Hi, Pet Buddies! This week I interviewed Frodo Ewing, a dog after my own heart. He lives in Sebastian with his human Laurie and little pooch sister Honey.
He’s a Spaniel, like me. Well, I’m a Springer, and he’s a Cocker, but (I looked this up) back in the 19th Century, we were all the same breed – Spaniels – just different sizes.
As we pulled into the driveway, the curtains moved and we could see noses smushed against the window. There was lots of barking when we knocked.
WELL – the door opened and a black and white curly-haired spaniel came up for a wag-and-sniff. He had the biggest, fluffiest paws I ever saw. I mean ever. And, no woof, his fur was polka-dotted! He had polka-dotted feet and knee sox, and a polka-dotted ruff! I never saw anything like it.
“Welcome Mr. Bonzo,” he said.
Suddenly a tan-colored dog galloped up and leaped on my assistant, wagging and slurping and all very excited.
“For Lassie’s sake, Honey, don’t jump up! It’s not polite! You KNOW better! Mr. Bonzo will think we don’t have any MANners,” Frodo said.
We edged our way into the living room, with Honey bouncing against my assistant, and their mom saying “Down, Honey! I MEAN it! Down! Down!”
Honey settled for a few friendly nose bumps until we sat down, then she decided she was a lap dog. She and my assistant tumbled back against the sofa cushions, my assistant laughing and friffling Honey’s head.
Frodo’s legs were short for his round body and he wobbled when he walked. His paws looked like fluffy snowshoes. As soon as he stepped off the throw rug onto the tile floor, he started sliding. His nails clicked on the tile as he skidded from rug to rug.
“Listen here, you nutty pupster,” said Frodo. “This is MY interview and you better behave or you won’t even get close to your afternoon carrot, I promise!”
That seemed to do the trick. Honey sat. Frodo picked up a yummy-looking chewy treat and began to munch it.
Now, then,” Frodo said, around the treat, “About ME! I was born in a New Jersey kennel 14 years ago. A lady bought me and I was all happy – for one day. Then she decided she didn’t want me after all and called a rescue group in Rockland County New York.”
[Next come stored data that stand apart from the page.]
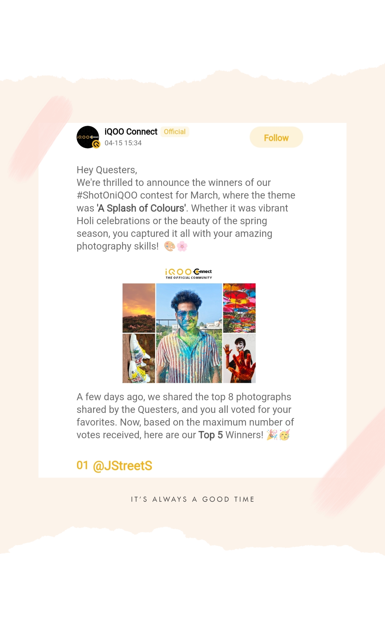 Participating in community events and contest like ShotOnIQOO Splash of colours edition
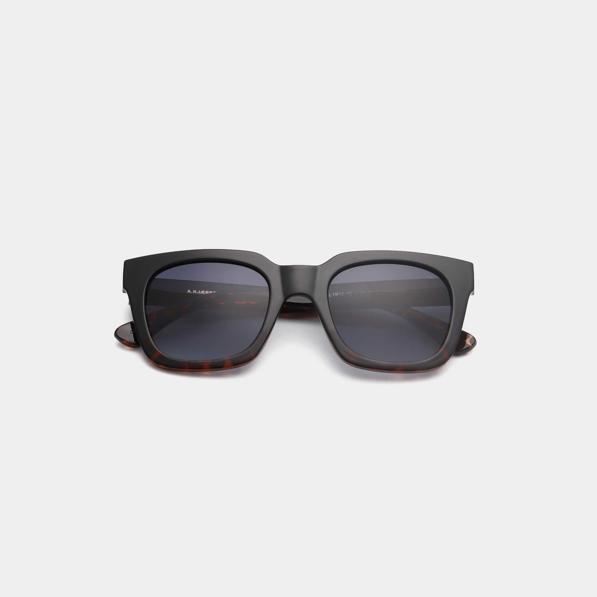 A. Kjaerbede's Trapezium Nancy Black Demi Tortoise Sunglasses are crafted for year-round durability and style. The classic and modern design features large, comfortable lenses, providing superior UV400 protection and an eye-catching look. Stand out in any crowd with this unique and elegant Black Demi Tortoise finish. Wear these timeless and exclusive unisex sunglasses season after season with confidence.
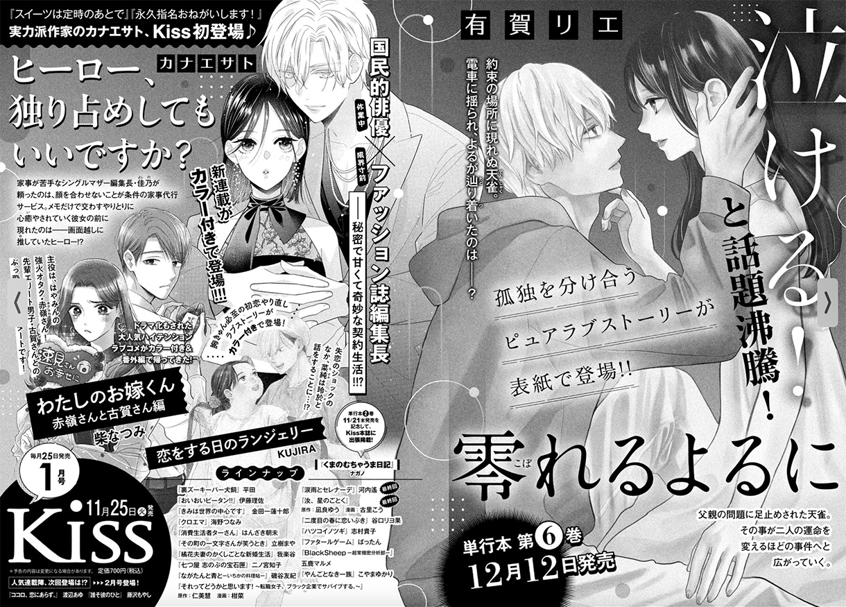 Kiss12月号本日発売!! 表紙はドラマ第2期決定!!の『ながたんと青と』(磯谷友紀)!! 衝撃展開の嵐…!!『やんごとなき一族』(こやまゆかり)は巻頭カラー付き!!
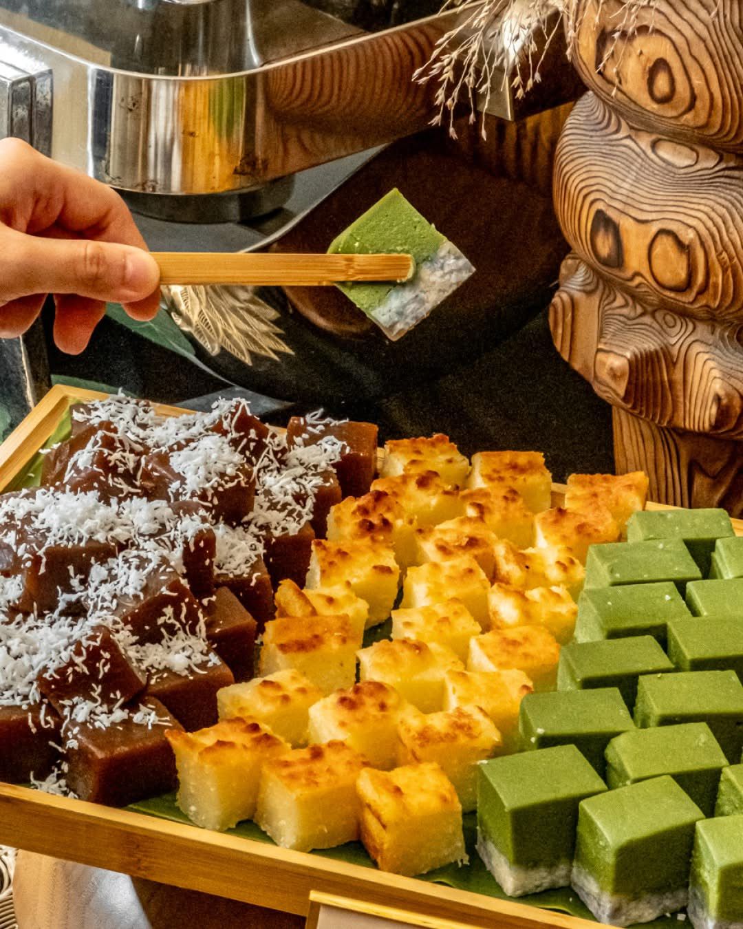 An assortment of kuehs meticulously hand-crafted in-house — some familiar, some forgotten — refined in collaboration with Singapore’s kueh expert Christopher Tan. Each piece is an ode to coconut milk in a different form, from texture to sweetness. Order a selection to end the meal on a properly local note.

“Wow,” I said. “That was harsh!”
“My Forever Mom was volunteering with the rescue group, and she got the call. She was gonna keep me overnight, then take me to the shelter. But I was an extremely adorable little pupster. She fell in love with me, and here I am.”
“When did you come to Florida?” I inquired.
“Eleven years ago. We have a nice back yard for pottying and playing and chasing squirrels. We can sleep on Mom’s bed and, when Mom’s at work, Honey’s in her own big room, and I get the rest of the house. Our groomer comes every six weeks.”
“Sweet!” I said.
“Totes! To tell you the truth, we rule the roost. We have Mom trained really well. We get treats before and after we go out to potty, and lots of other times, too, for no reason. If I chew up my treat, I just keep barking till Mom gets me another one. Chewing treats is my favorite thing to do. I live for it. Mom is really firm about one thing, though. Baths. We don’t like ‘em at all but she does it anyway. But, after that, we get lots of treats. Anyhow, I can’t run around like I used to because I have ISSUES with my hind legs.”
I had noticed he walked sort of funny. “What’s the problem?”
“I’m thinking arthritis. Got so bad I couldn’t use my hind legs at all. Finally, mom took me to a chiropractor.”
“Are you woofin’ me?” I said.
“No, really. Dr. Bartcus, in Vero. He does people stuff during the day, and dog stuff at night. It only took a couple of sessions and I felt much better.”
”Amazing. How do you and Honey get along? You seem so different.”
“True. I’m a pretty laid-back pooch. At first, Honey was a pain in my tail. But now we’re cool. I protect her from those goofballs at the park and she doesn’t jump on me anymore. Or eat my food. We’re a happy family.”
“Great woofing with you,” I told him, getting up to leave.
“My pleasure Bonzo,” he said, and settled back down with his chew.